Forward Variables Trellis
Time	Observation	α(H)	α(L)	Sum
t=1	0	0.3000	0.0400	0.3400
t=2	1	0.0904	0.0342	0.1246
t=3	2	0.0077	0.0286	0.0363

Observation

Notice how the sum decreases at each step—this is the "cumulative penalty" of observing each symbol. After observing $x_3=2$, most probability mass is in state L (0.0286 vs 0.0077), reflecting that state L prefers emitting symbol 2 (probability 0.6) while state H rarely emits it (probability 0.1).
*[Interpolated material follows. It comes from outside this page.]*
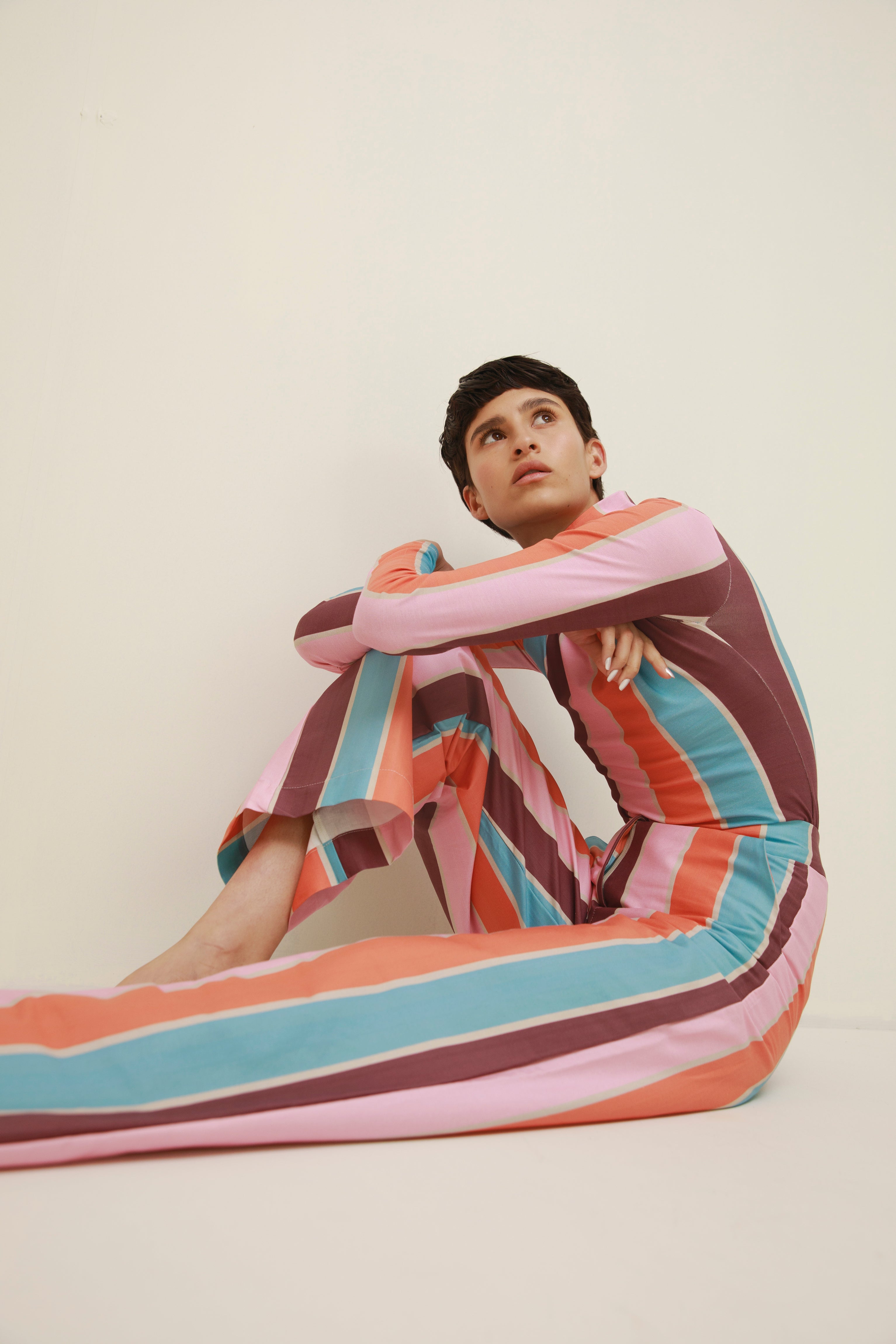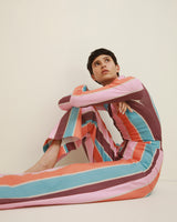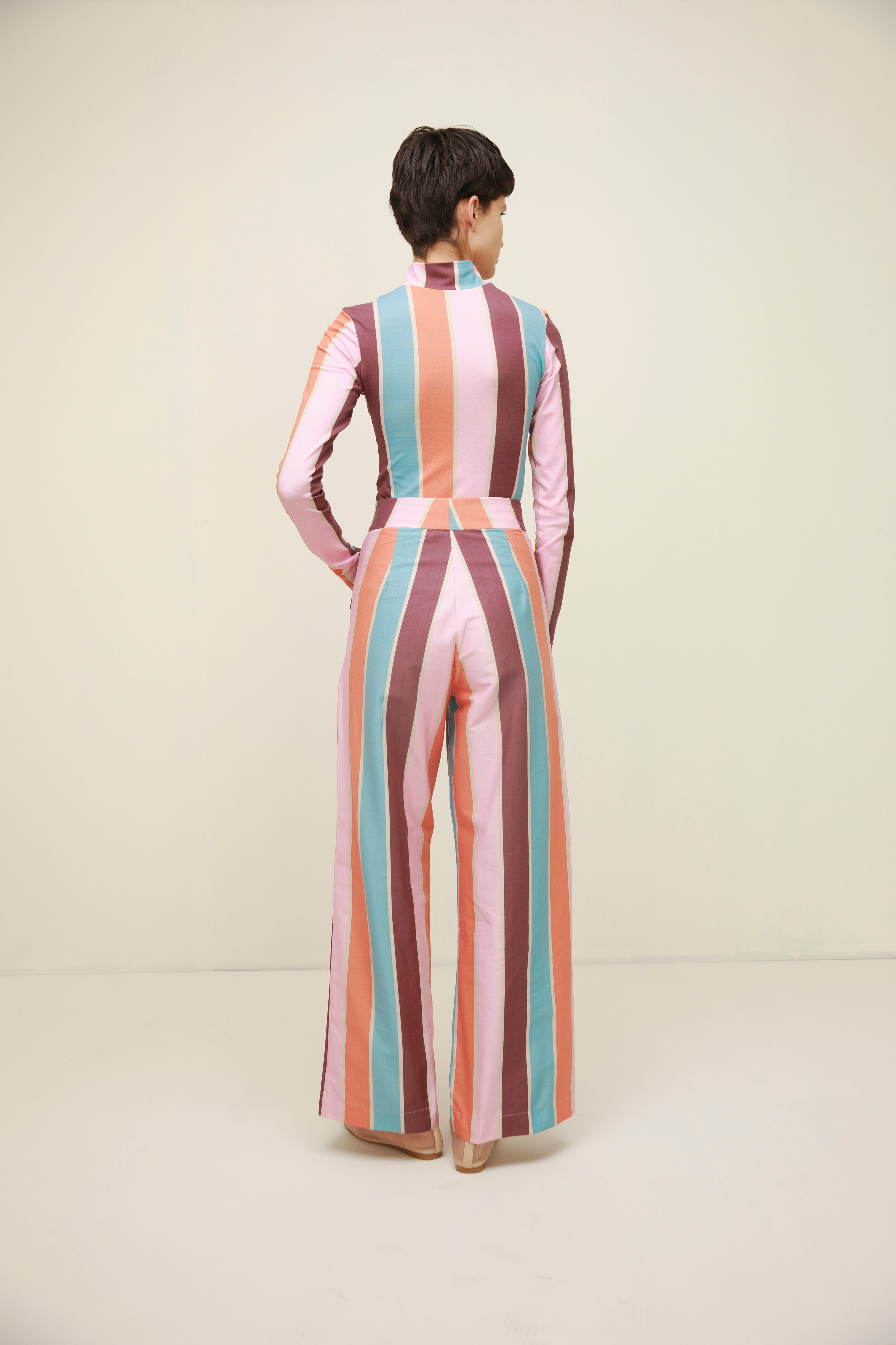 Eleva tu estilo con los pantalones Terra. Con un corte de cintura alta y una silueta acampanada, este diseño presenta un cautivador estampado de líneas coloridas que irradia elegancia sin esfuerzo. Ya sea que los combines con una blusa elegante o un jersey informal, estos pantalones aportarán un toque artístico a cualquier conjunto.

Connection to Message Passing in Graphical Models

The Forward Algorithm is a special case of a more general framework: belief propagation (message passing) in graphical models.

Messages in the HMM Graph

In the HMM graphical model, we can view the forward variable as a message passed from left to right:

$$\alpha_t(z_t) = \text{"message from past telling } z_t \text{ what's been observed"}$$

At each time step, we:

Receive messages from all possible previous states
Combine them weighted by transition probabilities
Update with local observation evidence
Send the result as a message to the next step

The Sum-Product Algorithm Perspective

The Forward Algorithm implements the sum-product algorithm on the HMM factor graph:

$$\alpha_t(z_t) = \sum_{z_{t-1}} \underbrace{\alpha_{t-1}(z_{t-1})}{\text{incoming message}} \cdot \underbrace{A{z_{t-1}, z_t}}{\text{transition factor}} \cdot \underbrace{B{z_t}(x_t)}_{\text{observation factor}}$$

This perspective generalizes:

To trees: exact inference via two passes of message passing
To general graphs: loopy belief propagation (approximate)
To HMMs: Forward-Backward = two-pass message passing

Why This Matters

Understanding the message-passing interpretation:

• Reveals the unity between different inference algorithms • Shows why HMMs are a special case of general graphical model inference • Explains why the Backward pass (for Baum-Welch) has the same structure • Generalizes to more complex models (factorial HMMs, DBNs)

The Backward Algorithm (Preview)

Just as we pass messages forward, we can pass them backward:

$$\beta_t(i) = P(x_{t+1}, \ldots, x_T | z_t = i)$$

The backward variable asks: "Given we're in state $i$ at time $t$, what's the probability of all future observations?"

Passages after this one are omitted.